How often runners advance with non strikeouts and how often runners are erased in double/triple plays and how that affects game winning chances...for the sake of discussion, here, let's call it a wash.

Injury log is right that an out is an out is an out.

However, the application of this to RL is flawed due to reducing the comparison of outs, and outs alone, while electing to ignore how the outs were generated and how that affects game winning chances.

Runners on second and third, down 1 and 2 outs. It doesn't matter if your batter strikes out or lines out. The game is over, same difference. But is the strikeout just as good (or equally bad) as the line out? The line drive can become the game winning hit. The strikeout cannot.
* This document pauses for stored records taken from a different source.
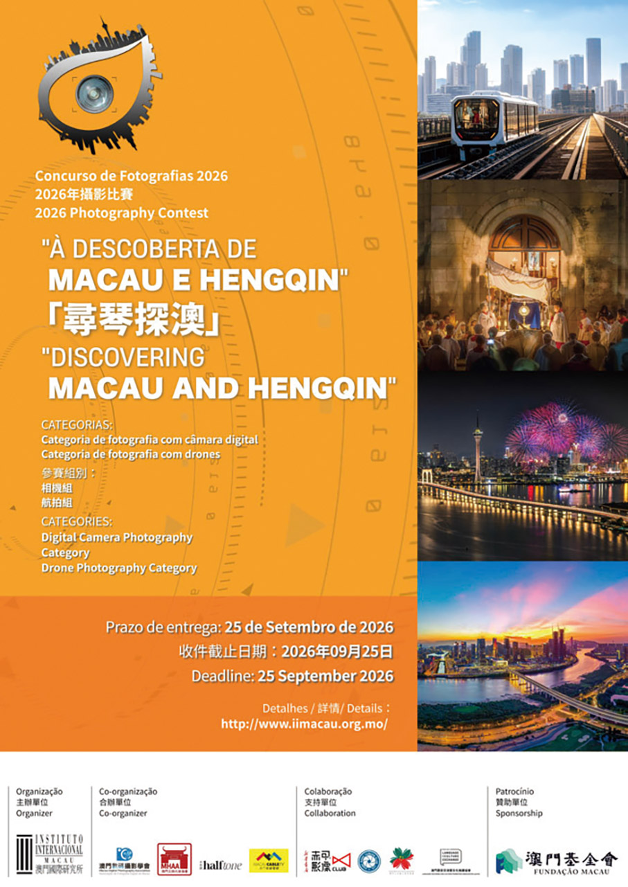 This poster provided by the International Institute of Macau (IIM) promotes its 2026 Photography Contest titled “Discovering Macau and Hengqin”.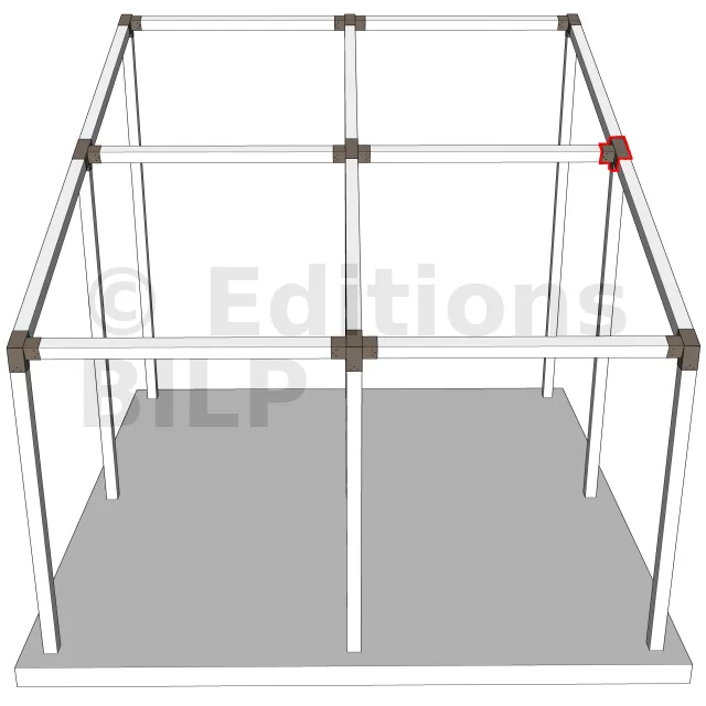 Connecteur d’angle intérieur à quatre directions, conçu pour l’assemblage de deux poutres en section 120x120 mm formant un angle de 20° avec un poteau vertical de même section. Il assure une liaison structurelle rigide et orthogonale à mi-hauteur, garantissant la stabilité de l’ensemble.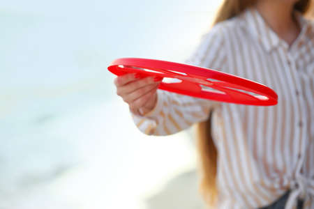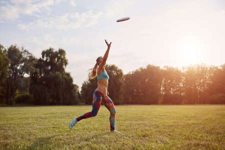Young athletic girl playing with flying disc in the park. Professional player. Sport concept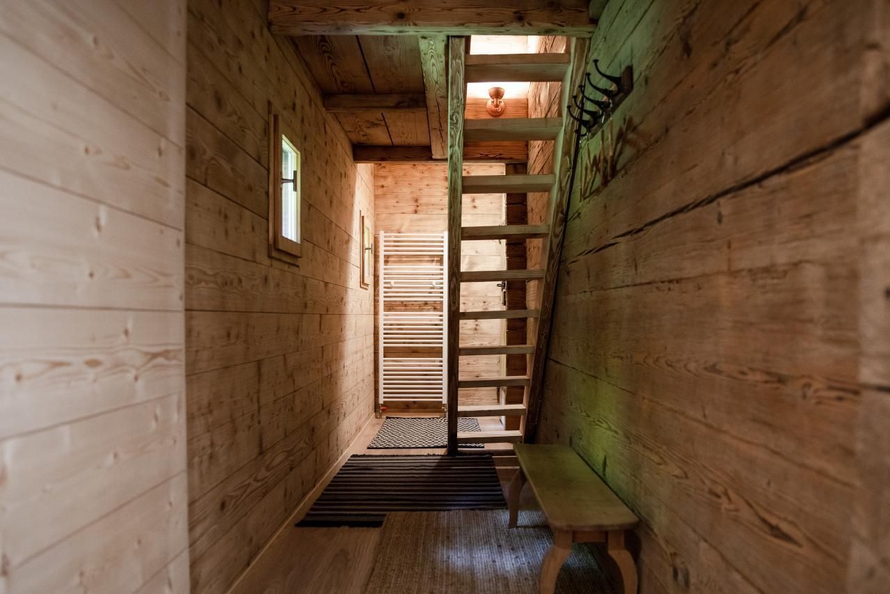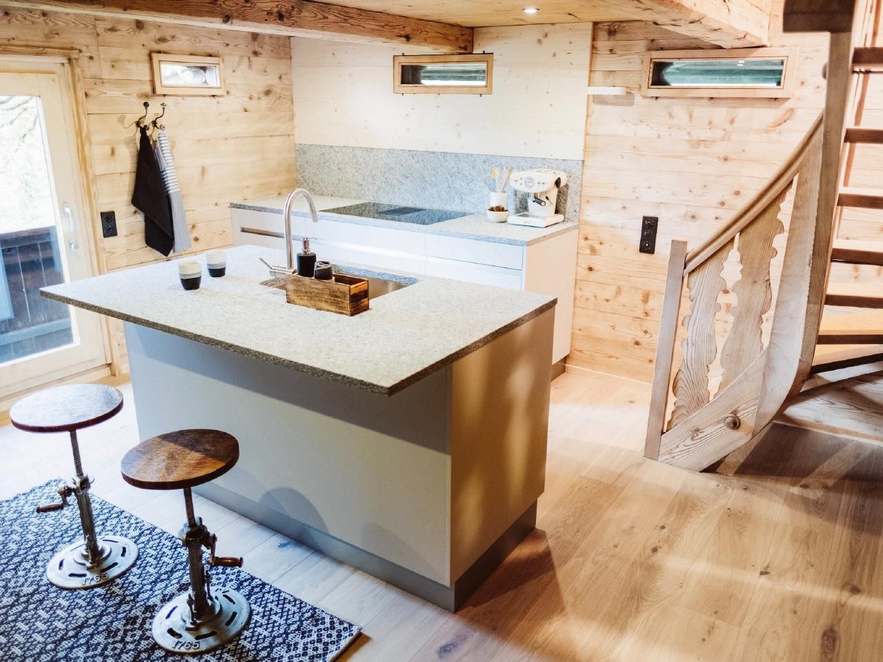 Des Weiteren führt eine schmale und leicht steile Treppe zu einer Schlafgalerie und einem Badezimmer. Von der Galerie aus genießen Sie einen reizvollen Blick auf den offenen Wohnbereich.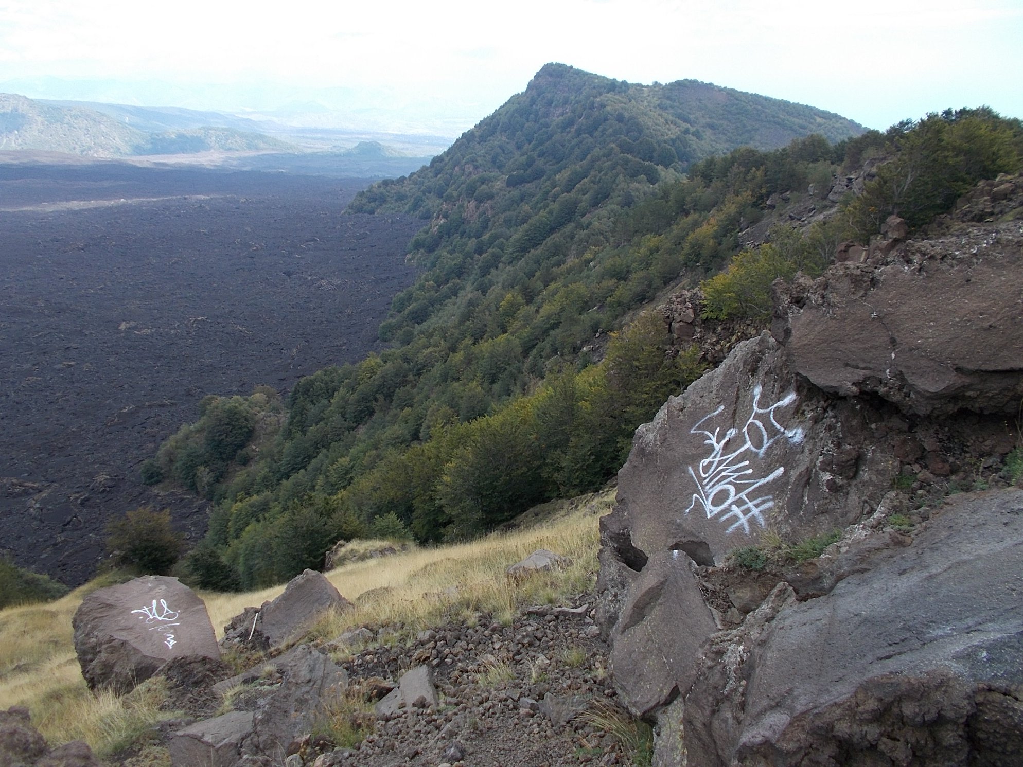 Fabrizio Meli, biologo catanese e guida ambientale escursionistica, ha fotografato alcuni giorni fa i graffiti che sono stati realizzati al valico di Acqua rocca degli Zappini, sulla Valle del bove. Guarda le foto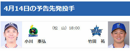 DeNA 登録&抹消なし 4/14(火)の予告先発 (S-DB)小川泰弘×竹田祐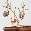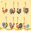 8Pcs DIY Rooster Double Sided Diamond Art Keyring for Home Birthday Party Decor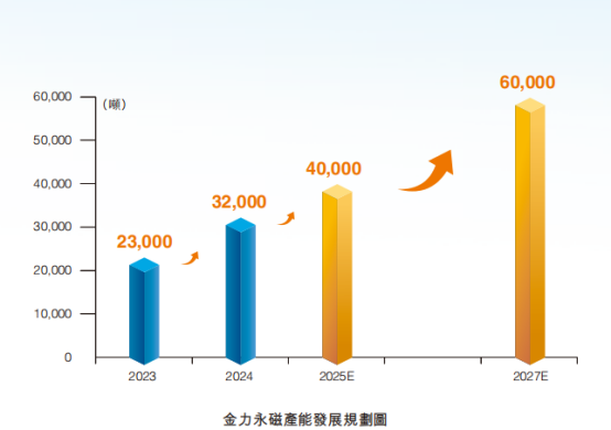 金力永磁当前产能4万吨/平/span>+/span>全球排名前三+/span>2025年启动“年?万吨绿色智造项目”,2027年目标产?万吨,覆盖赣州、包头、宁波三大基地?nbsp;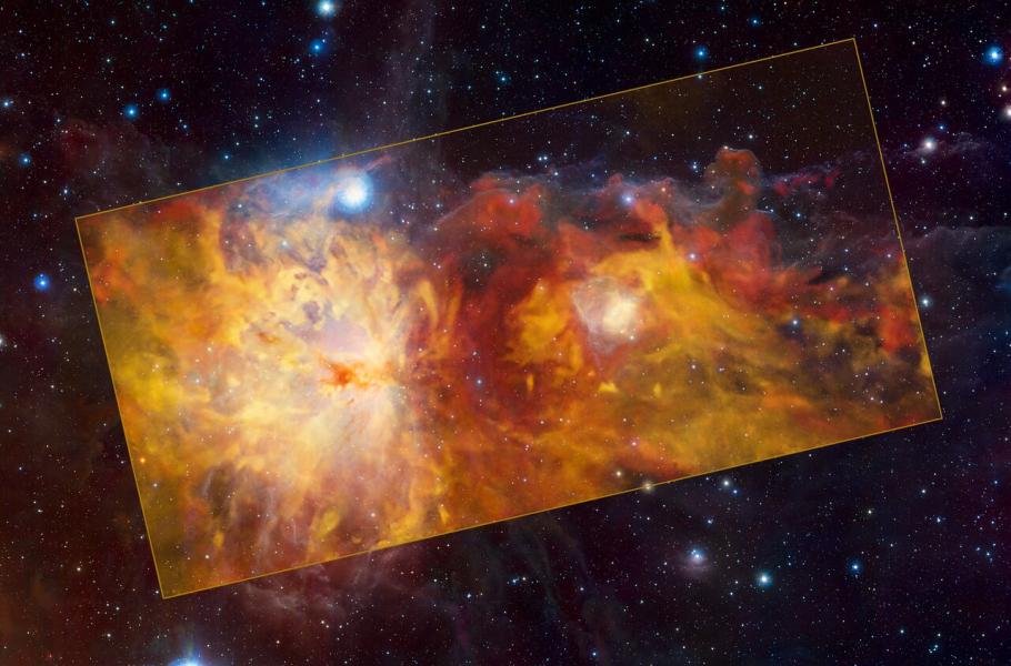 Evropská jižní observatoř v Chile nedávno zveřejnila elegantní rádiový snímek tohoto kosmického ohniště. Je založený na starších datech, která pořídil se svým týmem astronom Thomas Stanke. Bylo to v době, kdy na radioteleskop APEX (Atacama Pathfinder Experiment) nainstalovali nové zařízení SuperCam. Jak říká Stanke, když se někde objeví nový teleskop nebo přístroj, astronomové ho obvykle vyzkoušejí na nějakém objektu souhvězdí Orinonu, které je v tomto směru velmi vděčné.

Therefore, the line drive is better because it has the potential to win the game.

Runners on second and third, down 1 and one out. A strikeout is better than a line-out DP that ends the game. Do we say that the batter that struck out had a better AB than the batter that torched the ball down the third base line requiring a Brooks Robinsonian dive by the third baseman that brought him to rest on the bag? I don't think so.

When parsing data it must be kept in mind what exactly we have removed from the equation to perform our analysis of the parsed data before we stick it back into the original equation, the context of winning a baseball game, in this case, and draw a conclusion that is not applicable to the original question.

It doesn't matter if you strike out or line out with 2 out and 2 men on and down 1. The inning is over, just the same, either way. There is a big difference in potential outcomes between taking a called third strike vs hitting a ball on a rope.

Last edited by VanillaGorilla; 05-12-2013 at 06:34 AM.